SOURCE DATA
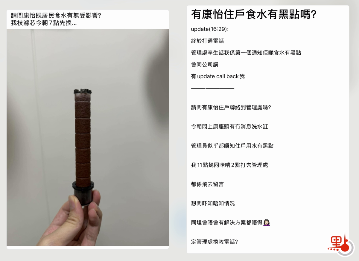 記者詢問康怡花園管理處,管理處工作人員向記者透露,確有住戶反應這幾日食水出現「黑點」。不過,在記者的隨機訪問中,住在G棟同D棟住戶反映有「黑點」,其他住客則表示未有留意。
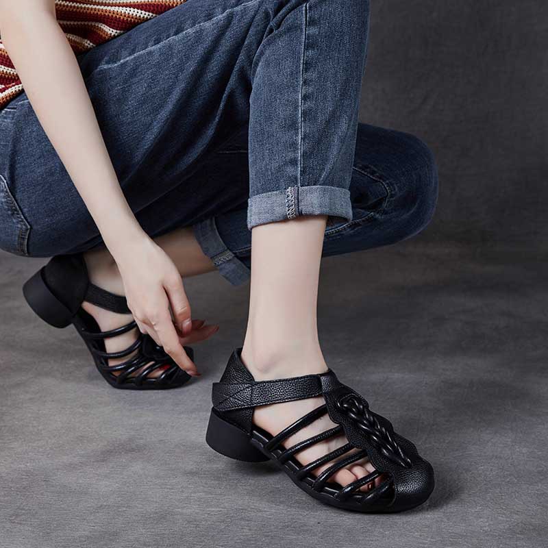原创手工女鞋全牛皮编织凉鞋女士包头外穿防滑魔术贴中老年妈妈鞋
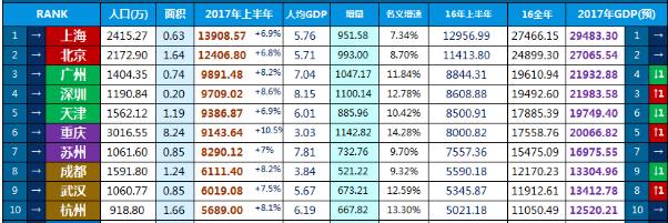 2017上半年,全国地级以上城市GDP上海排名第一,北京第二,广州、深圳、成都、杭州均在TOP10榜单上,这与星巴克门店数量有所呼应。
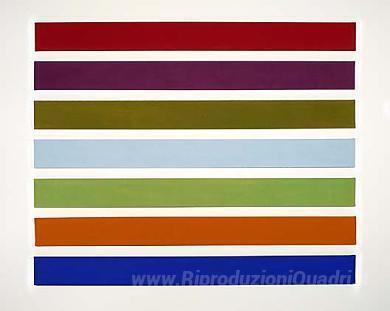 Ti offriamo una riproduzione artigianale su tela dell'opera famosa 'Stripes parete No. 3' di Gene Davis, dal Museo delle Riproduzioni.
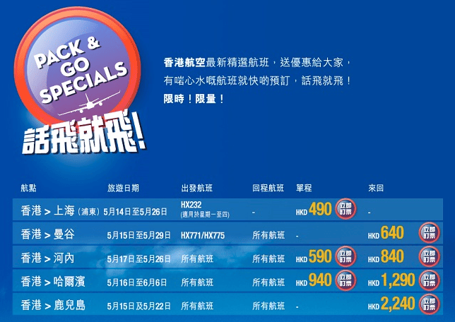 今晚12點(5月7日0:00)香港航空又有新一期話飛就飛優惠
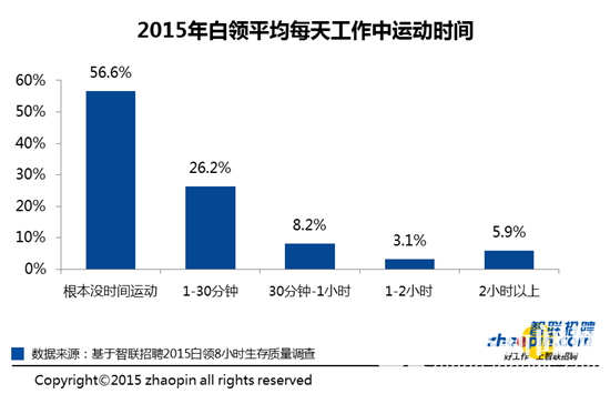 超过一半白领上班时间无任何运动;三分之一白领每周加班超过5小时

TASK DETAILS
Copy each entry exactly as written. Pictures do not belong in the copy.

TASK ANSWER
 記者詢問康怡花園管理處,管理處工作人員向記者透露,確有住戶反應這幾日食水出現「黑點」。不過,在記者的隨機訪問中,住在G棟同D棟住戶反映有「黑點」,其他住客則表示未有留意。
原创手工女鞋全牛皮编织凉鞋女士包头外穿防滑魔术贴中老年妈妈鞋
 2017上半年,全国地级以上城市GDP上海排名第一,北京第二,广州、深圳、成都、杭州均在TOP10榜单上,这与星巴克门店数量有所呼应。
 Ti offriamo una riproduzione artigianale su tela dell'opera famosa 'Stripes parete No. 3' di Gene Davis, dal Museo delle Riproduzioni.
 今晚12點(5月7日0:00)香港航空又有新一期話飛就飛優惠
 超过一半白领上班时间无任何运动;三分之一白领每周加班超过5小时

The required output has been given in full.